Committee pushes PM over report on Gaddafi
THE chairman of the Northern Ireland Affairs Committee has told the Prime Minister he is prepared to use the committee’s power to send for an unreleased government report on Colonel Gaddafi’s sponsorship of the IRA.
Families of IRA victims were left distraught last month after they learned that the Shawcross report may not be published.
The report was expected to boost efforts to win compensation for those affected by Libyan dictator Muammar Gaddafi’s sponsorship of terrorism in Northern Ireland.
Former journalist William Shawcross was appointed as Foreign Secretar y Dominic Raab’s special representative on the issue last year.
He was asked to advise on how much compensation should be sought and how best the Government could support efforts to obtain redress from the Libyan government.
But when former UUP leader Lord Empey asked the Foreign Office when the Shawcross report would be published, he was told that “ministers will consider the report in detail in due course, including whether to publish any elements of it”.
In a letter addressed to both Mr Raab and Boris Johnson, Conservative MP Simon Hoare urged them to prioritise the publication of the Government’s response to the Shawcross report.
If the Government is “unable or unwilling” to do so, the Northern Ireland Affairs Committee will use its power to “send for persons, papers and records” if necessary, he said.
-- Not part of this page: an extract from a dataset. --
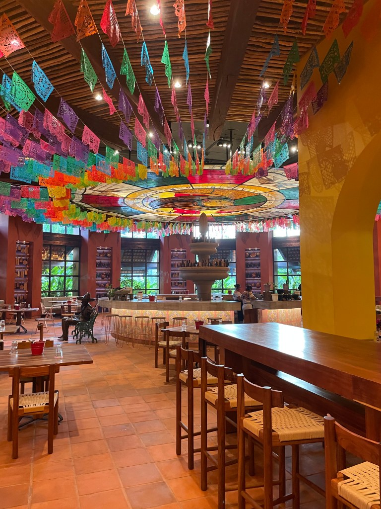 Food was also catered to Mexicans. All the restaurants are a variation on Mexican food: Chinese-Mexican, Japanese-Mexican, Mediterranean-Mexican…you get the idea. The one place that we could both find good food to eat was at the Mercado. It was an enormous buffet. They always had fresh tortillas and you could have quesadillas or tacos made. In the morning they had an omelet bar and in the afternoon and evening there was a pasta and seafood bar. There was salad, cheese, sliced meats, pizza, fresh meats, and a dizzying array of local dishes. I fell in love with Agua de Mango (Mango water) and asked for it everywhere we went. You could get any drink you wanted and there was a station to have tequila and mezcal shots at dinner. We tried the restaurant Arenal, in which Jef had a hamburger that he did not like and my chicken breast was rather boring there as well.

“In my capacity as the Northern Ireland Affairs Committee chairman, I want to raise the Government’s response to the report by William Shawcross on compensation to UK victims of Gaddafi-sponsored IRA terrorism, a matter in which the committee and I have maintained a long-standing interest,” Mr Hoare added.
“In March 2019, the then Foreign Secretary appointed William Shawcross as the UK’S special representative on UK victims of Gaddafi-sponsored IRA terrorism to examine the feasibility of making compensation payments to UK victims from Libyan assets frozen in the UK.”
Despite the Shawcross report being submitted in May, it was explained that the Government would only consider the report once the focus on the Covid-19 crisis abated, but Mr Hoare argued that Libyan politics did not stop in the summer because of the pandemic.